Lansoprazole: administration of the contents of a capsule dosage formulation through a nasogastric tube.

A single-dose, open-label, randomized, crossover bioavailability study was conducted in 24 healthy adult male volunteers to assess an alternative method of administration of lansoprazole capsules. The results of 22 subjects were analyzed. Subjects received regimen A (granules from a 30-mg capsule mixed with apple juice and administered through a nasogastric tube) or regimen B (an intact 30-mg capsule) during the first study period. The regimens were reversed during the second period 1 week later. Blood samples were obtained over 12 hours and pharmacokinetic variables were determined. No statistically significant differences in mean time elapsed to peak concentration, mean peak concentration, area under the curve (AUC)0-t, and AUC0-infinity were detected between regimens by using analysis of variance.

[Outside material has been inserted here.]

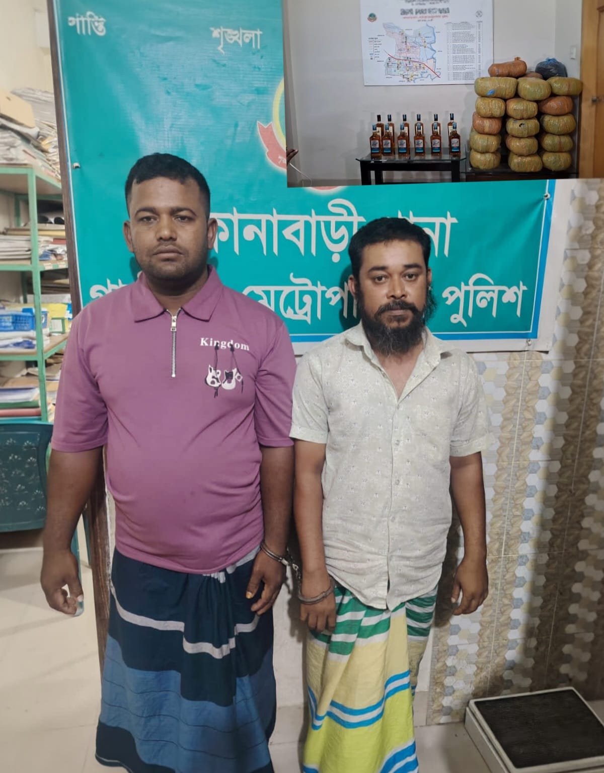 গাজীপুর মহানগরীর কোনাবাড়ী থানাধীন ৯ নং ওয়ার্ড কুদ্দুসনগর এলাকার কাঠালবাগান এলাকায় মাদকবিরোধী বিশেষ অভিযান চালিয়ে বিপুল পরিমাণ গাঁজা ও বিদেশি মদসহ দুই মাদক কারবারিকে আটক করেছে পুলিশ।

Bioavailability was assessed by the 90% confidence interval of the two one-sided tests on the natural logarithm of AUC. The 90% confidence interval for the AUCzero-infinity ratio was 0.955 to 1.140 for regimens A to B. These results indicate similar bioavailabilities between the two regimens and demonstrate that lansoprazole capsules may be administered by mixing the capsule contents with apple juice for administration through a nasogastric tube.